Latent growth curve modelling was used to derive distinct body height trajectories from 0 to 11 years (A) and from 0 to 18 years (B) of individuals in The Danish National Birth Cohort. The figures display the class-specific estimated average height (z-scores) for age with 95% confidence intervals. The normal height groups in both figures were characterized as having a birth length above the mean, which was expected since z-scores were made according to the WHO-reference and Scandinavian newborns are generally longer at birth
Discussion
To our knowledge, this is the first large-scale birth cohort study including several prospectively collected height measures during childhood and adolescence as well as spinal pain in both pre-and late adolescence.
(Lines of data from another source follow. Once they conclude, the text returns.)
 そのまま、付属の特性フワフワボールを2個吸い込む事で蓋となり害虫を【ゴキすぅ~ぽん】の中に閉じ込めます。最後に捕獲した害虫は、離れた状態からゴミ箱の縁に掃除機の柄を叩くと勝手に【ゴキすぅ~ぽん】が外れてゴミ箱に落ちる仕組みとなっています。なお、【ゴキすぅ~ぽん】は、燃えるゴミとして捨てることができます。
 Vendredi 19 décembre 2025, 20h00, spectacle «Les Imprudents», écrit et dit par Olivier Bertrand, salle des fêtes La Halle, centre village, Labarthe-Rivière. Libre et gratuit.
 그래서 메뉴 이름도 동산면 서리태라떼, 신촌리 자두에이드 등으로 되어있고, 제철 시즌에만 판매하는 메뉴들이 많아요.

We demonstrated that being tall during childhood and adolescence predisposed to spinal pain in pre-adolescence and late adolescence among girls, and tall height at age 11 and 18 predisposed to severe spinal pain among boys in late adolescence. Further, the presence of spinal pain in pre-adolescence predisposed to spinal pain in late adolescence regardless of height at age 18. Height trajectories were confirmative of tall girls being more likely to have spinal pain.
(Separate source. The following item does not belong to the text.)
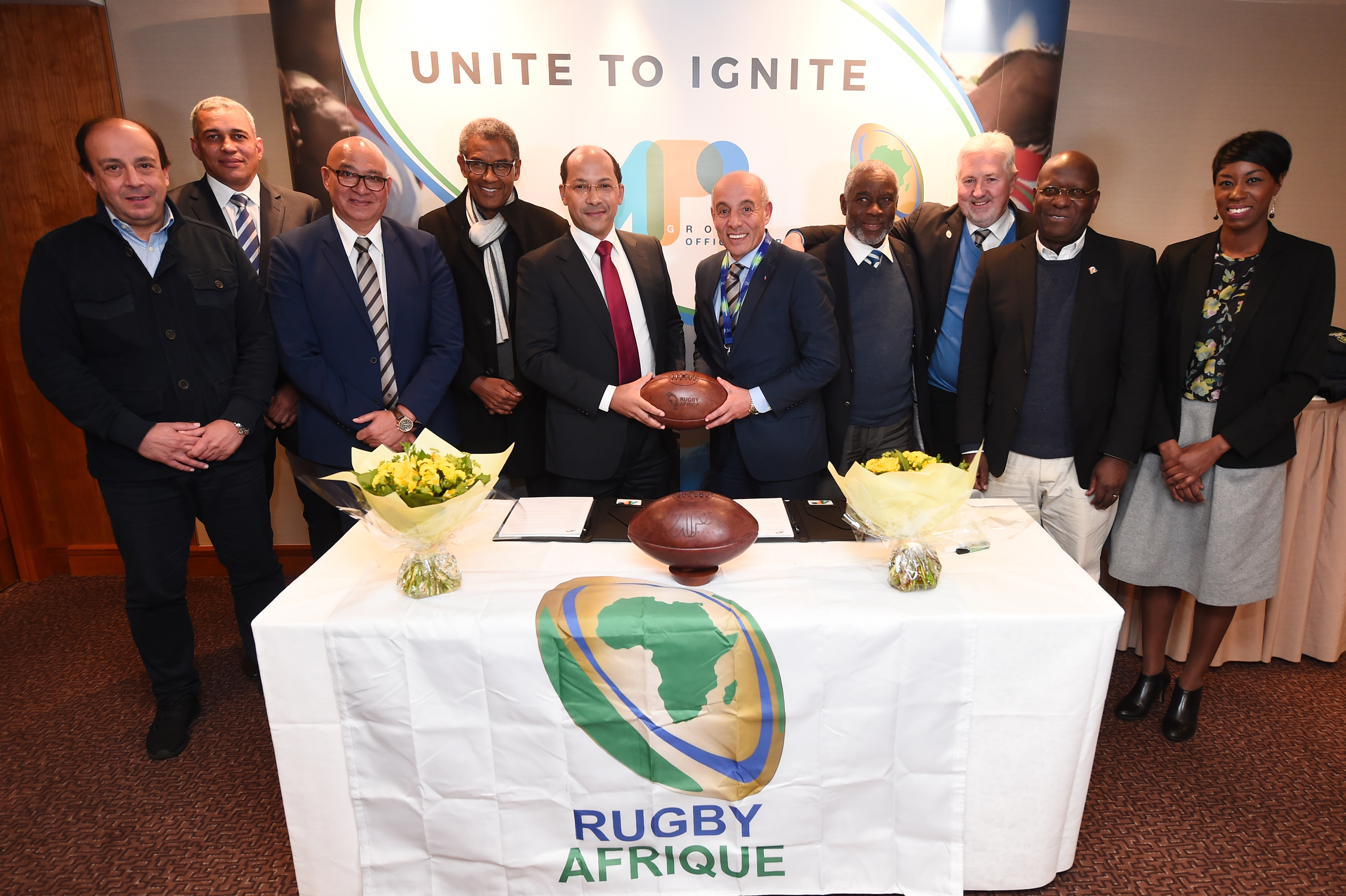 • (From Left to Right) - World Rugby’s African association, Rugby Africa’s executive committee surrounding APO Group’s Founder and CEO, Nicolas Pompigne-Mognard (left) and Rugby Africa’s Chairman, Abdelaziz Bougja (Right) during the signing ceremony of the agreement under which APO Group becomes the main Official Sponsor of Rugby Africa, at Royal Garden Hotel on November 12, 2017 in London, England. (Photo by Eamonn M. McCormack/Getty Images for APO Group)

The existing literature is contradictive according to the association between height and musculoskeletal pain including back pain [35]. Our findings illustrated tall body height to be associated with spinal pain in adolescence with onset in pre-adolescence for girls and later for boys. Hebert et al. found that pubertal development and increase in height were potentially risk factors for spinal pain in 10-12-year-olds with no indication of interaction with sex [36]. In line with our findings in late adolescence, Hershkovich et al. investigated boys and girls separately and found height to be positively associated with low back pain among 17-year-old (i.e., late adolescence) girls and boys [13]. During adolescence pubertal maturation (i.e., the pubertal growth spurt and changes in hormone levels) occurs earlier in girls than in boys [7, 15, 30], and affects very differently between sexes and within individuals [15, 37]. In addition, changes in hormone levels are demonstrated to impact on pain perception [37,38,39]. Pubertal maturation has previously been related to back pain in adolescents [36, 40], and therefore the earlier onset of spinal pain in girls could potentially correspond the time of puberty [4], since the majority of individuals in DNBC-11 were 11 years of age. In contrast to our expectations, adjusting for pubertal maturation had no impact for boys.
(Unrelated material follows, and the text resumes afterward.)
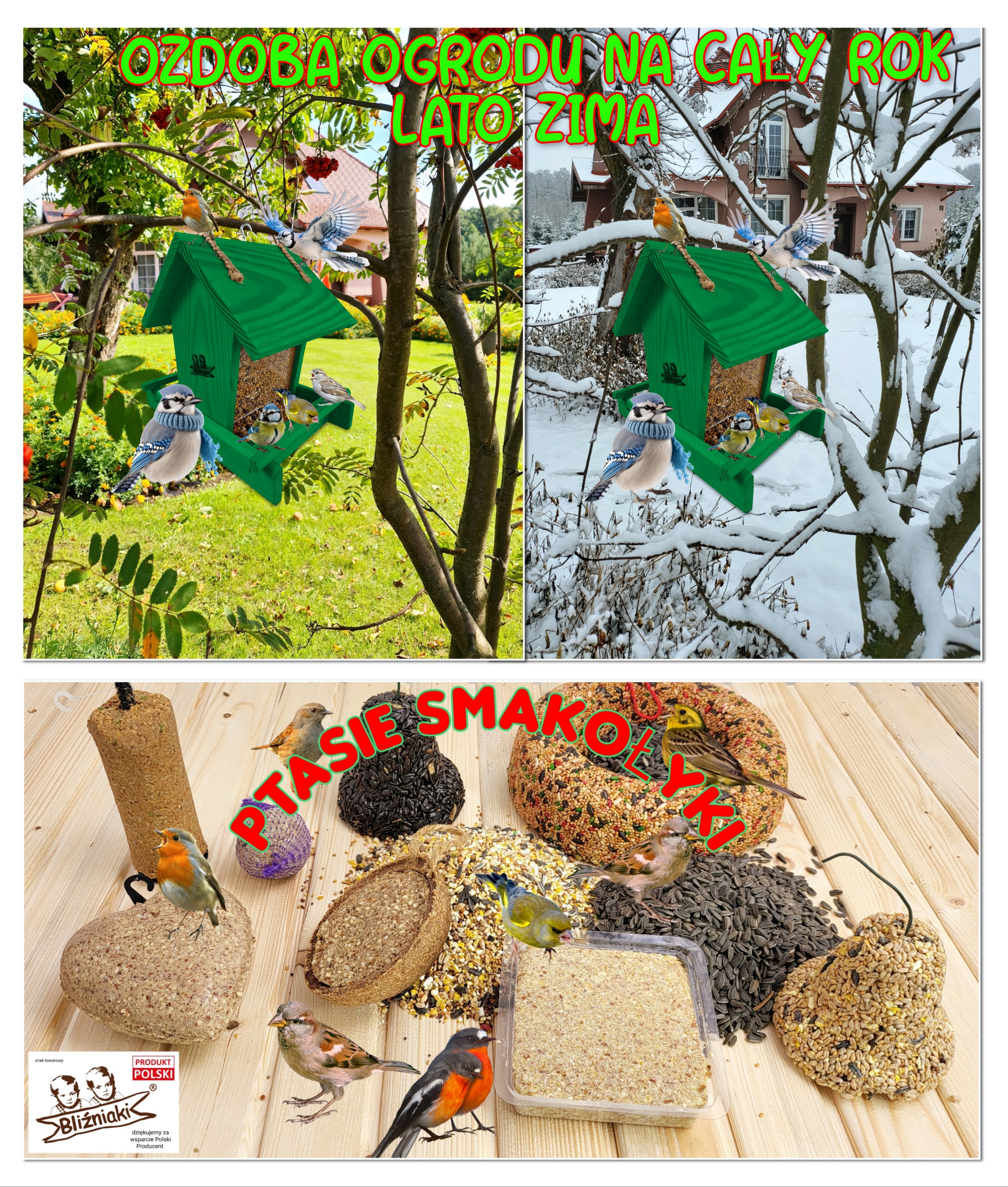 Wraz ze zbliżającym się okresem jesienno-zimowym nadchodzi trudny czas dla wszystkich gatunków ptaków, które w tym czasie nie migrują. Główny ich problem wiąże się z niedostatkiem pożywienia łatwego do zdobycia. Wszyscy powinniśmy myśleć pro-ekologicznie, dbać o bezpieczeństwo tych małych, ale bardzo pożytecznych zwierząt i zwiększyć ich szanse na przetrwanie śniegu i mrozu. Kupując karmnik z naszej aukcji i umieszczając w nim ptasi pokarm masz pewność, że przyczynisz się do utrzymania życia w Twojej okolicy.

Another mechanism that may explain the findings is related to growth velocity of the spine, which is around the time of pre-adolescence accelerating faster than the lower extremities. This leads to increasing height and change in body composition, which have previously been suggested to impact on back pain in adolescence [7, 41]. The back muscle strengths and the connective tissue do not develop as fast as the spine grows during adolescence, and these are important for the maintenance of the strengths of the body stature [12, 42]. Growth spurt initiates around age 10–12 in girls, whereas boys grow significant more than girls between age 11 and 18 and development of spinal pain due to height may thus be later for boys than girls [12], as also indicated in our study.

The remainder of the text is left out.